Progesteron ist ein weibliches Geschlechtshormon (Gestagen). Es bereitet die Gebärmutterschleimhaut auf die  Einnistung einer befruchteten Eizelle vor. Das geschieht in der zweiten Zyklushälfte (Gelbkörperphase).

Wo wird Progesteron gebildet?

Das Sexualhormon wird in erster Linie in den Eierstöcken vom sogenannten Gelbkörper (Corpus luteum) gebildet. Daher wird auch der Begriff Gelbkörperhormon oder Corpus-luteum-Hormon benutzt. Der Gelbkörper entsteht nach dem Eisprung aus den Resten der gesprungenen Eizelle. Während einer  Schwangerschaft übernimmt auch der Mutterkuchen (Plazenta) einen Teil der Hormonproduktion. In kleinen Mengen wird das Gelbkörperhormon außerdem von den Nebennieren zur Verfügung gestellt.
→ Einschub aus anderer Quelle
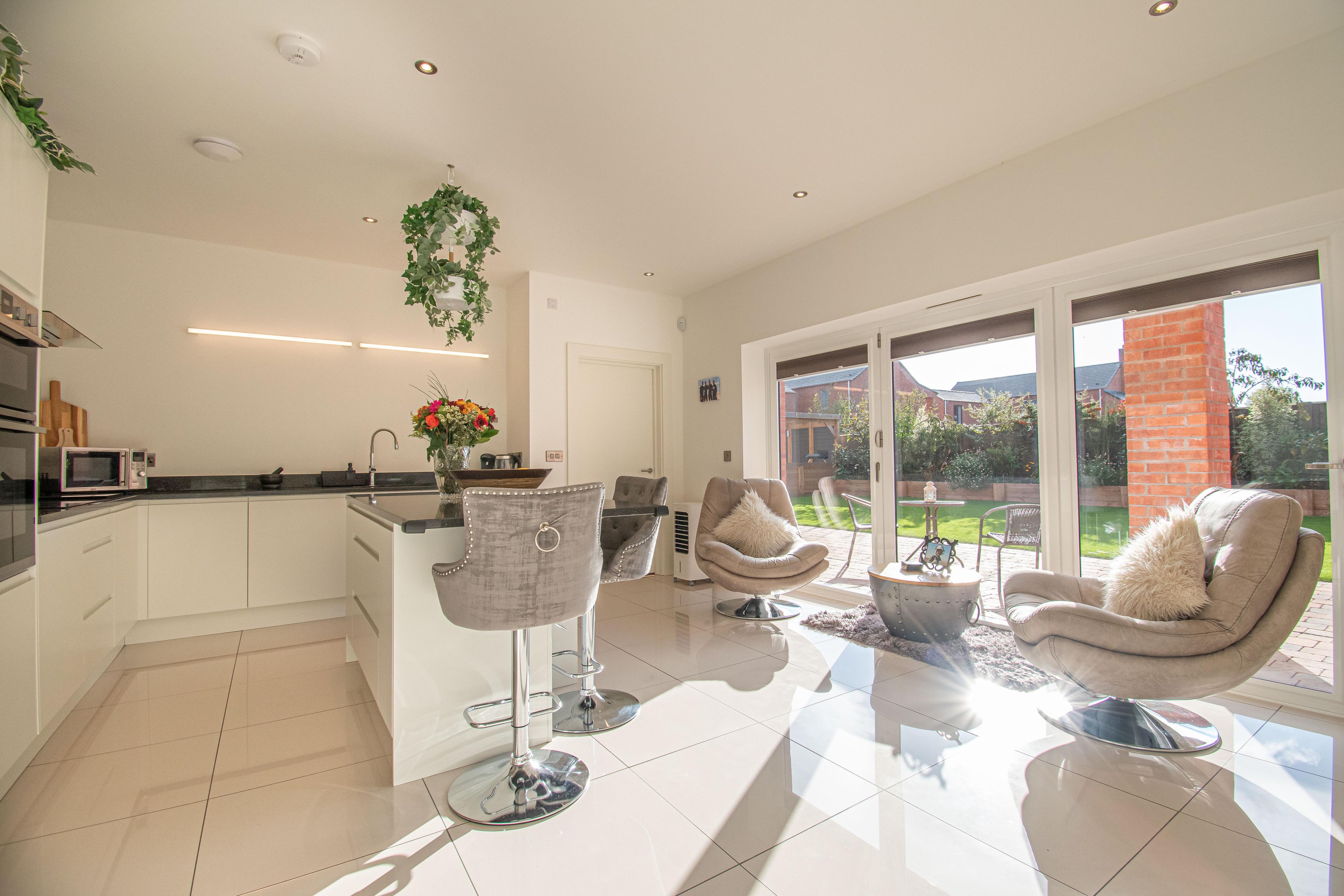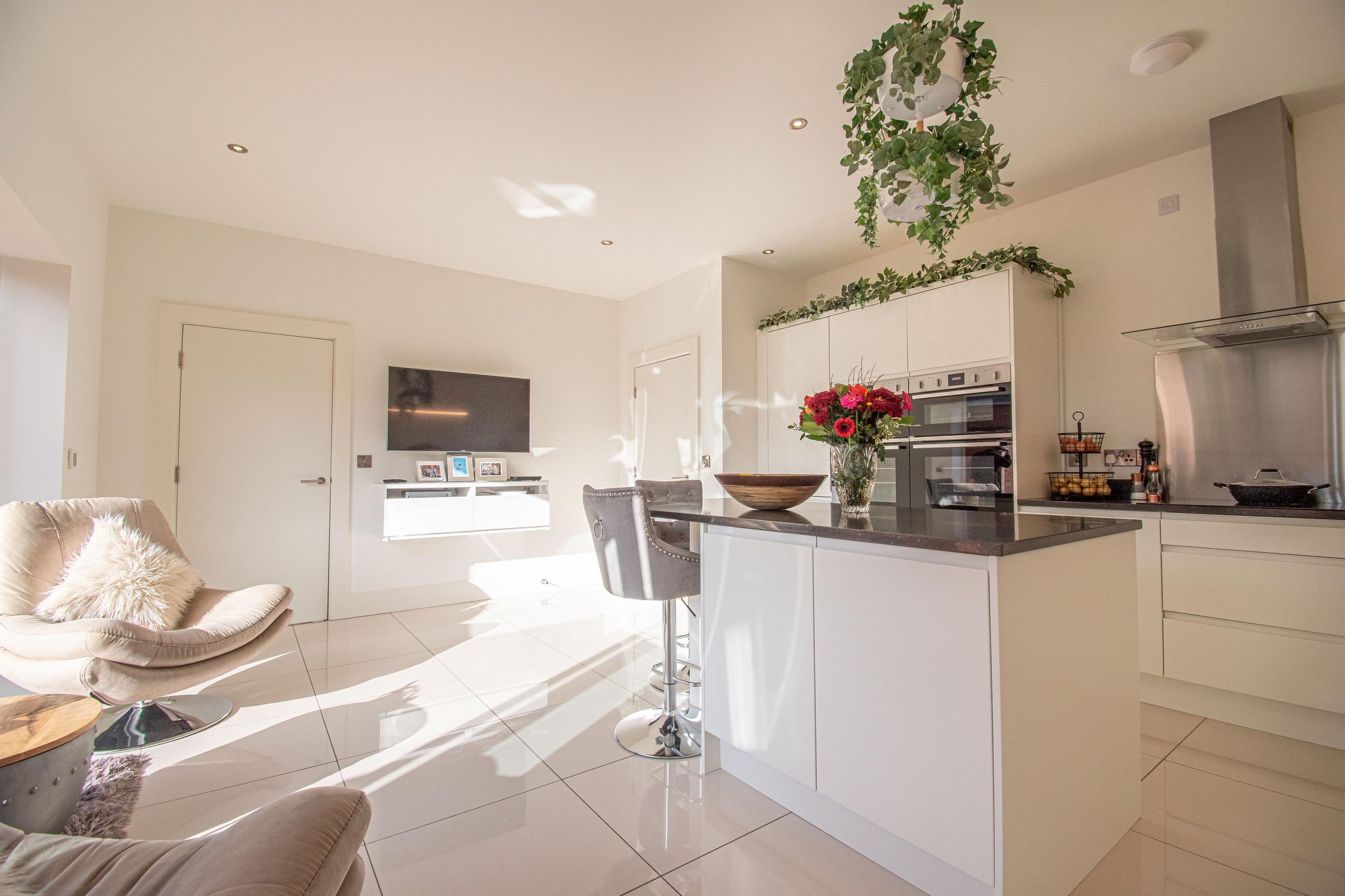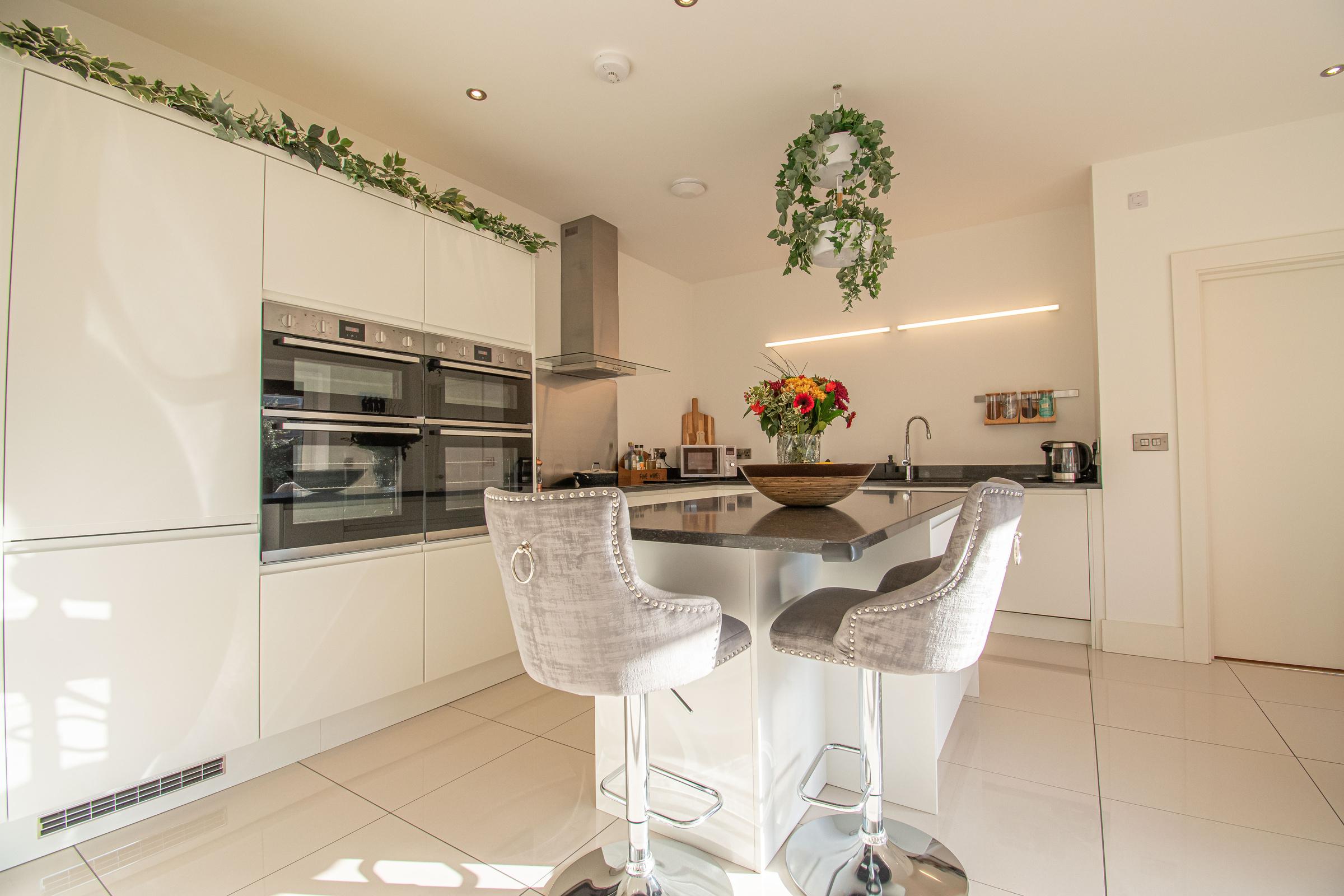 Thekitchenisfittedinarangeofseamlesswhitecabinetswithcontrastingblackgraniteworking surfaces which include a range of integrated appliances with a matching centre Island with breakfastbar.Thekitchenisopenplantoalivingareawithbi-foldingdoorsallowingfornatural lighttofilltheroomaswellasacreatingaseamlessflowtothegarden.Apracticalutilityisfitted tomatchthekitchenwithdoortothesideaspect.

Übrigens bildet auch der männliche Körper in der Nebennierenrinde und den Hoden kleine Mengen Progesteron. Beim Mann ist das Sexualhormon wichtig für die Beweglichkeit der Spermien und ihre Fähigkeit, in eine Eizelle einzudringen.

Aus Progesteron können auch Östrogen und Testosteron gebildet werden. Ein Mangel an Progesteron kann also auch zu einem Mangel anderer Geschlechtshormone führen.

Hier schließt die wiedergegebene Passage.